Kolton claps me on the back. "Ladies, we're out of here." He's been my best friend since first grade when I spilled apple juice all over him. He's the guy who's never treated me like a superstar. He's a true friend, but even that's starting to feel strained. He's married now, and I see less and less of him. It's his life, and he's happy, but I can't help but feel a little... left behind.
"Got a family now," he continues, "but I still remember the good old days. Don't forget me when you're famous, huh?"

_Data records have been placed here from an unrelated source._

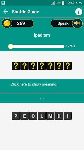 Vingherai 30 monete dailly, il che ti aiuta in un accenno alla confusione di virgola di ortografia del verbo.Puoi vedere i significati di ortografia dei verbi shuffle e ascoltare anche la pronuncia del verbo con l'aiuto di monete guadagnate.
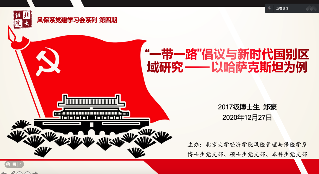 为深入了解“一带一路”发展历史及现状、开拓国际视野,12月27日下午,英国威廉希尔公司官网风险管理与保险学系博士生党支部、硕士生党支部、本科生党支部共同在线上召开党建学习会,主题为“‘一带一路’倡议与新时代国别区域研究——以哈萨克斯坦为例”。学习会由英国威廉希尔公司官网风险管理与保险学系2017级博士生郑豪同志主讲,由风保系博士生党支部书记韩笑主持。来自英国威廉希尔公司官网风保系各个专业的本、硕、博同学共46人参加,英国威廉希尔公司官网副院长锁凌燕教授出席学习会。
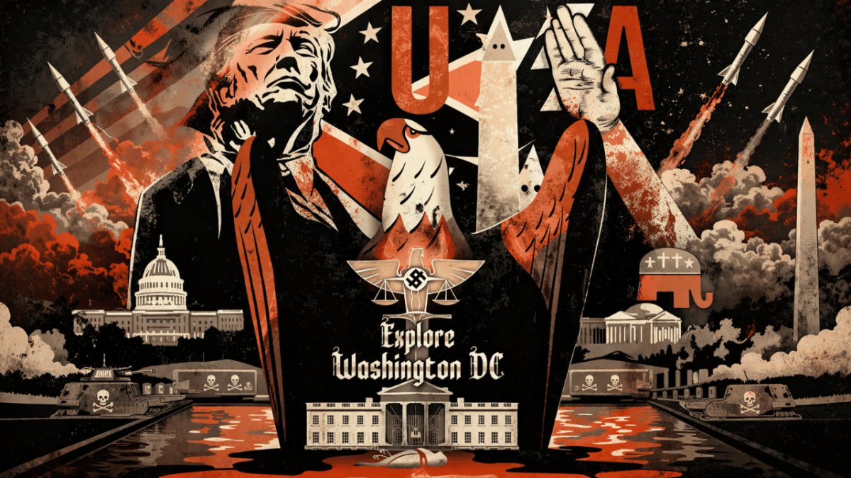 Feggo’s illustration was taken down after the Trump White House (8/21/25) attacked it as part of an “anti-American exhibition” that showed the US’s legacy of “colonization” and the history of Latino “victimhood and exploitation.” A crowing editorial in the Washington Examiner (8/24/25) asserted “the Smithsonian is long overdue for a housecleaning” over its “fashionable, culturally Marxist ideas.” The New York Times (3/28/25) described Trump’s interference with the Smithsonian as seeking “a more positive view of American history.” More positive for whom, is a question left unasked. Artist Rigoberto Gonzalez, whose “Refugees Crossing the Border Wall Into South Texas” was likewise removed, compared the administration’s censorship to the Nazi campaign against “degenerate art” (NPR, 8/24/25).

I laugh it off, but the truth is, I feel more disconnected from Kolton than ever. He's got Sophia now, and I get it; they're in love, but I'm starting to feel like I'm losing him. When he was just Kolton, the guy I used to talk to for hours, the guy who got it, life was easier. Now, he's wrapped up in a different world, and it feels like I'm stuck in this one, spinning my wheels.
"Yeah, man," I joke, shaking it off. "Good luck with that married life."
We walk to the parking lot, and both of our trucks are parked side by side. It's the usual — Kolton's driving, and I'm following behind.
"Oh, by the way," he starts, his voice casually taunting.
"Don't say it," I mutter under my breath.
"Sophia's coming with us tonight," he announces as if that's some great surprise.
I groan. I love Sophia. She's the little sister I never had. But ever since she and Kolton married last year, I no longer see him alone. She's always by his side, and while I get it — they're in love, I guess — it's starting to get old.
"Great, so she's playing the babysitter tonight?" I joke, hopping into my truck. Kolton flips me off and speeds out of the lot, leaving me behind.